X (me), if you really do wish to see stepdad and Mum and for sincere reasons,

then one simple thing needs to occur for you to have any chance of a response

from stepdad and Mum. I believe, at the very least, you will need to take back

or do something to directly show that you do not think that Mum is an abusive

mother. Now of course there are a whole number of other issues at play, but I

personally want nothing to do with them and as a human being and a realist, I

must tell you that this must happen if there's going to be any chance of a line

of communication opening. Please accept my best wishes for A, J and L's health

and happiness. (my 3 kids)

Y, I thank you for approaching me and I thank you for your concern regarding

stepdad, though you must know that this is having a huge impact on Mum too, at

least stepdad is somewhat oblivious to the real challenge he faces beginning

chemotherapy.

It would not had been a rational or proper thing for me to tell you that it was

disappointing for you to appear to show any concern or actually want to see Mum

(I'm not sure you wanted to) after these many years. Yes I realise how difficult

the whole situation may have been for you in the beginning of this grossly

pathetic saga, but I must be up front and say that in the end, no matter how

delicate, difficult, or complicated the situation was, I cannot understand how a

son would willingly refuse to see his own mother? Please, I'm not trying to

scold you or lecture or anything like that, but I'm talking as a brother. No

matter what the issues were, to any normal person it looks like to have

completely forgotten about your mother, not even a phone call for so many years?

Nor you or ANY authority on this earth or not has the right ask this. NO reasons

are valid. And what about stepdad? The poor guy didn't even have anything to do

with any of anything.

I still remember the many times he took you shopping, always showed honest love

in his way, open pockets, open heart and the many other experiences which I'm

sure you haven't forgot. Finally, I have silently suffered. I went through and

successfully completed university under very difficult circumstances where I had

to consistantly visit Mum and stepdad so they knew that they at least had one

child. Being in the midst of such atmosphere is extremely daunting and draining,

but in the end I am a son. Didn't you ever miss the 2 dogs? one died a few weeks

ago from cancer, she died in front of mum's eyes. I can assure that it was

exactly the same as a human family member dying if not worse.

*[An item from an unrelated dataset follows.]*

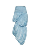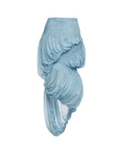 An asymmetrical skirt crafted in a silk-cotton blend, its surface is distort through the smocking technique with elastic, creating ripples that curve around the body, representing the shapes made by trauma.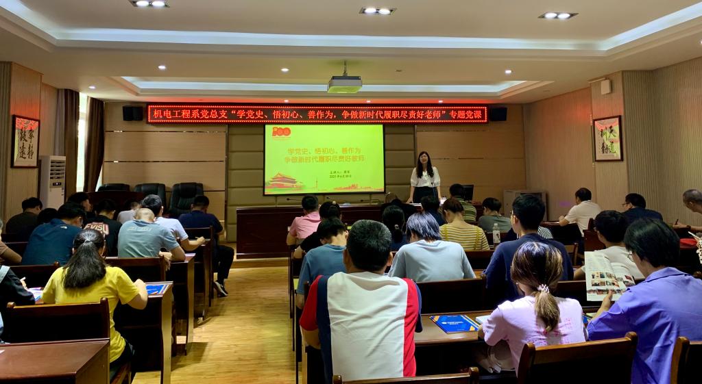 为深入学习贯彻习近平总书记在党史学习教育动员大会上的重要讲话精神,推动党史学习教育取得新实效,6月30日下午,机电工程系党总支副书记周琴为本系教师党员和在校学生党员上了一堂“学党史、悟初心、善作为,争做新时代履职尽责好老师”的专题党课。

She is laid to

rest in the backyard. the other is an incredibly aware, agile and intelligent

dog at the ripe old age of 15 1/2. He is suffering from arthritis but his

general health is very good.

Y, you need to somehow show that you are sincere in your desire to see stepdad

and Mum. I know it sounds difficult but please understand that you can't expect

to suddenly appear after 3 or 4 years like nothing has happened. Both stepdad

and Mum have different thought processes than I do. stepdad is very simple and

Mum has a different outlook on things than I have. For stepdad it is abhorrently

heartbreaking and disturbing for you to suddenly show up when he is dying and

not when he was well. Something needs to be done to at least alleviate some of

the pain inside Mum and stepdad or seeing them would be a mistake. A simple and

honest sorry, a bunch of flowers, whatever honest. You don't have to start

socialising if you are that against knowing your parents but at least a sign of

respect and longing.

Anything to show that you are sincere. I'm not trying to tell you what to do,

who am I? Please take my words as someone who purely means well, minus all ego,

minus any malice. Life is too short and time flies, we all die; the worst thing

is for one to live in regret. stepdad suddenly got cancer, he has around a year

to live, if lucky. Mum would be an unsurprising candidate too considering her

general health, smoking and stress levels.